Exhibit 4(d)(16)
Fifteenth Amendment to Loan Agreement
THIS FIFTEENTH AMENDMENT TO LOAN AGREEMENT, dated as of
November 3, 1995, (the "Amendment") is made to the Loan Agreement dated as of
October 29, 1990, as amended by a First Amendment to Loan Agreement, dated March
14, 1991, as amended by a Second Amendment to Loan Agreement, dated March 28,
1991, as amended by a Third Amendment to Loan Agreement, dated May 29, 1991, as
amended by a Fourth Amendment to Loan Agreement, dated as of June 14, 1991, as
amended by a Fifth Amendment to Loan Agreement, dated as of January 28, 1992, as
amended by a Sixth Amendment to Loan Agreement, dated as of November 4, 1992, as
amended by a Seventh Amendment to Loan Agreement, dated as of December 22, 1992,
as amended by an Eighth Amendment to Loan Agreement, dated as of August 24,
1993, as amended by a Ninth Amendment to Loan Agreement, dated as of October 29,
1993, as amended by a Tenth Amendment to Loan Agreement, dated as of April 28,
1994, as amended by an Eleventh Amendment to Loan Agreement, dated as of October
28, 1994. as amended by a Twelfth Amendment to Loan Agreement, dated as of
January 27, 1995, as amended by a Thirteenth Amendment to Loan Agreement, dated
as of April 28, 1995, as amended by a Fourteenth Amendment to Loan Agreement
dated as of July 28, 1995 between TEXFI INDUSTRIES, INC., a Delaware corporation
(the "Borrower"), and NATIONSBANK, N.A, (formerly known as NationsBank,
N.A.(Carolinas) and as NationsBank of North Carolina, N.A.) a national
association, acting as agent for the Lenders (as described in the Loan
Agreement, as defined below) (the "Agent") and the Lenders.
RECITALS
A. The Borrower and the Agent entered into a Loan Agreement dated as of
October 29, 1990, pursuant to which the Lenders, as defined in the Loan
Agreement, extended a $25,000,000 Term Loan and a $15,000,000 Revolving Line of
Credit to the Borrower, which agreement was amended by the First Amendment to
Loan Agreement, dated March 14, 1991, as amended by a Second Amendment to Loan
Agreement, dated March 28, 1991, as amended by a Third Amendment to Loan
Agreement, dated May 29, 1991, as amended by a Fourth Amendment to Loan
Agreement, dated as of June 14, 1991, as amended by a Fifth Amendment to Loan
Agreement, dated as of January 28, 1992, as amended by a Sixth Amendment to Loan
Agreement, dated as of November 4, 1992, as amended by a Seventh Amendment to
Loan Agreement, dated as of December 22, 1992, as amended by an Eighth Amendment
to Loan Agreement, dated as of August 24, 1993, as amended by a Ninth Amendment
to Loan Agreement, dated as of October 29, 1993, as amended by a Tenth Amendment
to Loan Agreement, dated as of April 28, 1994, as amended by an Eleventh
Amendment to Loan Agreement, dated as of October 28, 1994. as amended by a
Twelfth Amendment to Loan Agreement, dated as of January 27, 1995, as amended by
a Thirteenth Amendment to Loan Agreement, dated as of April 28, 1995 by a
Fourteenth Amendment to Loan Agreement dated as of July 28, 1995 (as further
amended, modified, restated or
supplemented from time to time, the "Loan Agreement").
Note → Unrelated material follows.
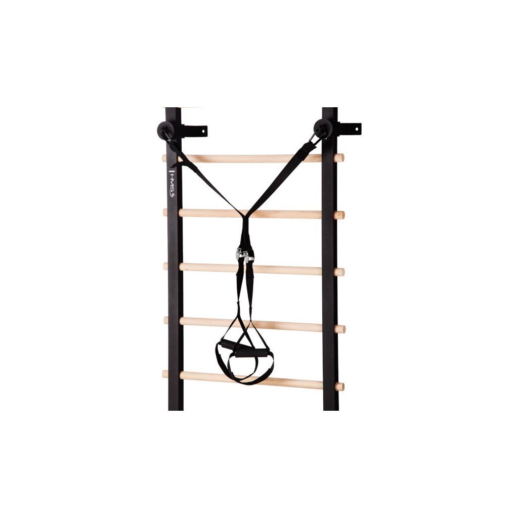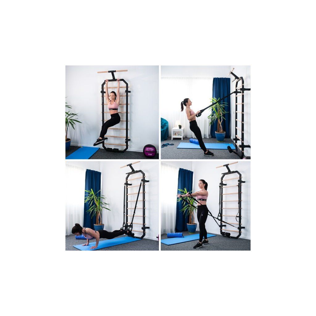 Multifunkční žebřiny HMS DW2708 jsou ideální náčiní pro domácí trénink. Sada se skládá z gymnastických žebřin, které se připevňují ke zdi, 2 expandérů zakončených úchopem a 2 tréninkových popruhů s nastavitelnou délkou. Produkt je vyroben z kvalitní oceli a má 8 příček z bukového dřeva. Žebřiny jsou 223 cm vysoké a 80 cm široké.

All capitalized terms not
otherwise defined in this Amendment shall have the meaning assigned to them in
the Loan Agreement.
B. In connection with the Second Amendment, the Subsidiary Equipment
Security Agreements were executed and delivered. In connection with the Third
Amendment, the Assignments of Factor Receivables and the Subsidiary Security
Agreements were terminated and two of the Deeds of Trust and Assignments of
Leases, Rents and Profits were executed and delivered. Pursuant to the Seventh
Amendment, the schedule for repayment of the Term Loans were revised and the
schedule for repayment of the Revolving Credit Notes were revised to convert the
Revolving Line of Credit into a term loan payable in installments commencing on
July 31, 1993 and ending on October 31, 1997. Pursuant to the Tenth Amendment,
Twelfth Amendment and Thirteenth Amendment, the schedule for repayment of the
loans and certain financial covenants contained in Article IX of the Loan
Agreement were revised. The other amendments to the Loan Agreement revised
certain financial covenants contained in Article IX of the Loan Agreement.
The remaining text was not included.